About Ampers | Press Room

Great Northern Radio Show fills Bagley audience with laughter

Written By: Justin Glawe | Mar 9th 2013 – 11pm.

BAGLEY – Either Aaron Brown got the memo from mother nature early, or he’s simply seen enough northern Minnesota months of March to know what to expect.

Regardless, he was dead on in his description of the 31-day stretch during the Great Northern Radio Show’s live broadcast at Bagley High School Saturday night.

See if you agree.

“When you live in northern Minnesota it’s not January that gets you, because you know what to expect. It’s March that fools you,” he said. “But when the light starts glinting through the window a little differently, you think ‘spring is here.’ And then, you get another foot of snow.”

The crowd in the school’s auditorium laughed. A knowing laugh.

The show – two hours in length – is an old-fashioned variety hour. Brown and over a dozen musicians, actors, stagehands and sound technicians put on the show Saturday, despite competition from some fresh, March snow, and what he called “a certain hockey game of some interest in Bemidji.” This led to a discussion of the two teams’ – Bemidji State and the University of Minnesota – mascots. That, in turn, led to a staged fight between a beaver and a gopher. Or at least their beaver and gopher noise-making human equivalents.

It’s one thing to hear a battle between rodents piped through your car’s speakers, but it’s quite another to see two adults scrunch up their mouths, lean toward a microphone and re-enact a battle between two rodents. Put simply: the faces that were made to achieve such sounds were unnatural, and hilarious.

The crowd laughed.

With Brown as emcee, artists performed original music between skits. These included a group of college co-eds on a misdirected spring break to Bagley (there was a mix-up between “birches” and “beaches,” thanks in no part to an iPhone autocorrect); a visit from a nun who worked with loggers in the 1900s; and a father teaching his children to tap for maple syrup (fingers were bruised in jest only).

Brown also provided plenty of geographically topical humor, specifically jokes about and at Bagley’s expense.

But the crowd still laughed.

“I have seen your stoplight,” he said. “It’s a nice stoplight. I hope you don’t think this is pandering, but I’ve been to other counties with only one stoplight and yours is nicer.”

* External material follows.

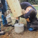 Regardless of the size of the footing where it bears on the ground, the top of the concrete — which I call the pedestal — needs to be 1 inch to 2 inches smaller than the bottom of the log post. This provides a drip edge around the bottom of the log, helping to keep water from running underneath the bottom of the posts. To prevent water from splashing onto the base of the log or wicking up from the ground, I keep the top of the pedestal at least 6 inches above grade.
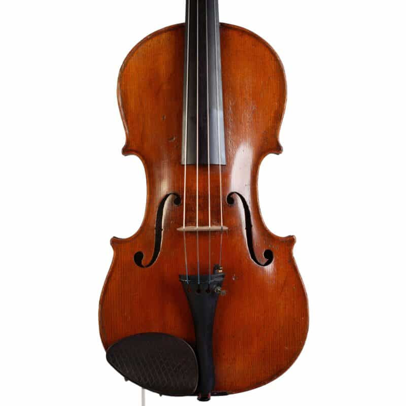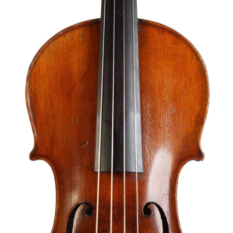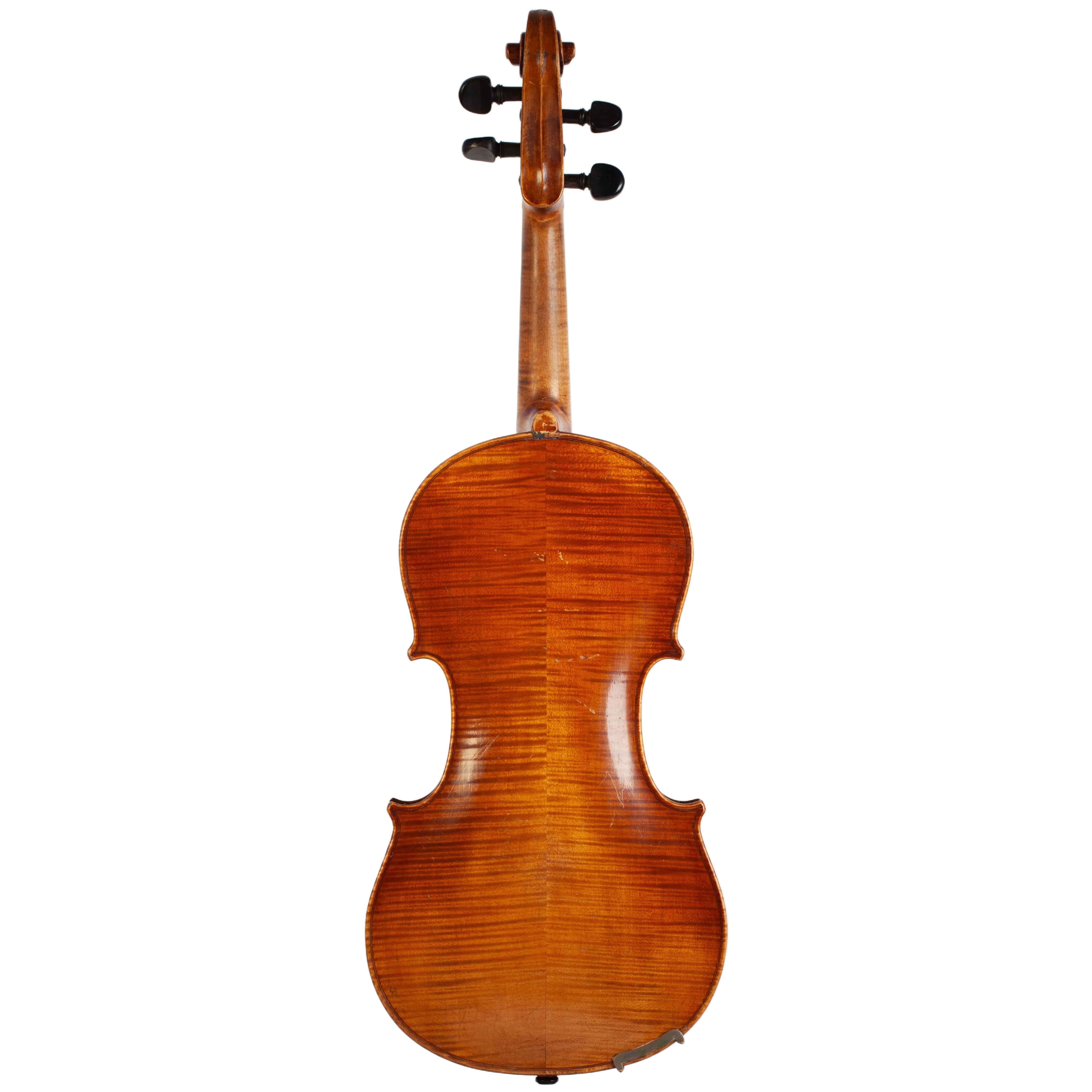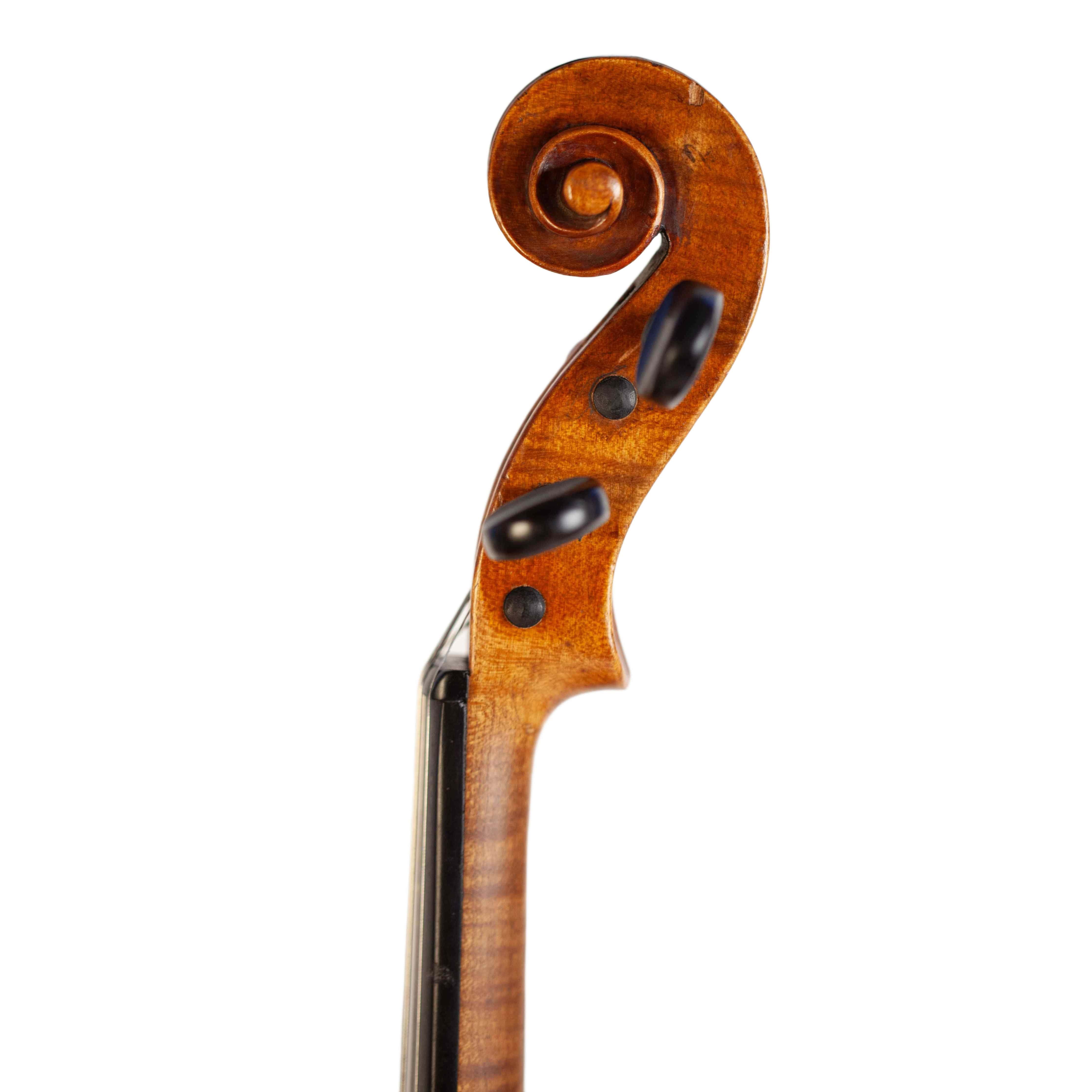 The whole length of the violin is 588 mm and the back 356 mm. The width of the upper bouts: 163 mm; middle bouts: 108 mm; lower bouts: 200 mm.

No discussion of Bagley, or Shevlin or Solway or Bemidji, would be complete without mentioning U.S. Route 2 – the “Highline Road,” Brown said. For lonely truckers and weary travellers rolling down the highway – which spans more than 2,500 miles from the peninsula of Michigan to Everett, Wash. – Saturday’s show provided two hours worth of listening, a throwback to days when such programs were more prevalent.

And the words of Ian and Teague Alexy, brothers who make up the Hobo Nephews of Uncle Frank, might have given some of those roadway rovers a chance to slow down.

“Running in the cold and the rain and snow, holding on to the dream I’ll never let it go,” they sang. “I’m runnin’, singin’ in a travellin’ show.”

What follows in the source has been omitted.